Barty, a multisport talent, has ruled out becoming a professional golfer or returning to professional cricket, which she played briefly when she took her first indefinite break from tennis at age 17, because of the mental strain and loneliness of life on tour. She returned to the game 17 months later in 2016 with a new coach, Craig Tyzzer, and went on to win three major singles titles, including Wimbledon in 2021. She spent 121 weeks at No. 1.

She was entrenched in the top spot when she retired, and though Iga Swiatek, an explosive talent from Poland, quickly took over at No. 1 and dominated the season, it was hard not to wonder how Barty’s presence would have changed the equation.

“It was a bit of a strange one, I suppose,” Barty said. “But I think that was probably what was least important to me: where I was sitting in the rankings. That was hard for a lot of people to understand.”

How best to sum up why she did retire?

“I achieved my dreams,” she said. “Everyone has different dreams and different ways of defining success. But for me, I knew that I gave everything I could, and I was fortunate to live out my ultimate childhood dream, and now it was time for me to explore what else was out there and not be, I suppose, greedy in a sense of keep playing tennis because that’s what I was expected to do, and then you blink and maybe the other things have passed you by.”

After retirement, Barty worked on a series of children’s books and her autobiography, “My Dream Time,” which has been published in Australia and will be released in the United States on Jan. 10.

She said the process of writing her memoir was “therapeutic.”

“A way to close a chapter on some really tough moments and then to revisit and recelebrate some of the most amazing moments,” she said. “So, it was certainly a big year in that sense. There was a lot happening off the court, and I’m pretty tired at the end of the year now, and it’s scary to think that typically I’d be in the middle of a tennis preseason getting ready for an Australian summer that’s just around the corner.”

Instead, Barty will spend the holidays with her family and then make appearances for her sponsors at the Australian Open, which begins on Jan. 16.

She is preparing to start her own foundation in 2023 with a focus on helping Australian youth and an emphasis on sports and education. She also has announced plans to join with Tyzzer and Jason Stoltenberg, another of her former coaches, to start an elite tennis academy in Australia. She is eager to mentor teenagers in particular but not to coach on tour.

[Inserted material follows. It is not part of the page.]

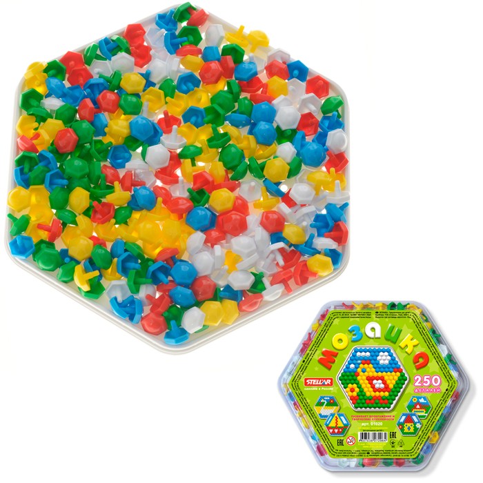 Размер изделия: 22х19,5х3 см Упаковка: прозрачная коробочка (полистирол) в термоусадочной плёнке Состав: пластик Комплектность: 250 деталей, шестигранное поле с отверстиями Страна происхождения: Россия Знакомая с детства шестигранная мозаика на шестигранном поле - в ярком исполнении. Игрушка изготовлена из качественного, нетоксичного пластика. Целых 250 фишек, диаметром 1,3 см, дают большой простор для детского творчества и фантазии, развивают мелкую моторику, пространственное воображение и цветовое восприятие. На этикетке изображены несколько примеров сборки, которым ребенок может следовать при знакомстве с игрой, а затем придумывать собственные варианты картинок. Мозаика находится в удобном пластиковом футляре, благодаря которому мелкие детали не растеряются.

Tennis has had no shortage of comebacks: Margaret Court, Bjorn Borg, Kim Clijsters and Justine Henin all returned to the tour after early retirement, and Court and Clijsters returned and won majors. But though retiring at 25 gives Barty plenty of years to reconsider, she sounds unlikely to do so, even after her comment in March that the door to a comeback “is closed but it’s not padlocked.”

“The more time I’ve had to sit and think and absorb this year, I think it is never in the sense of me competing professionally again,” she said. “But I’ll never not be involved in the sport. So I think that’s where I’ll always get my tennis fix, that taste of the sport that gave me so much.”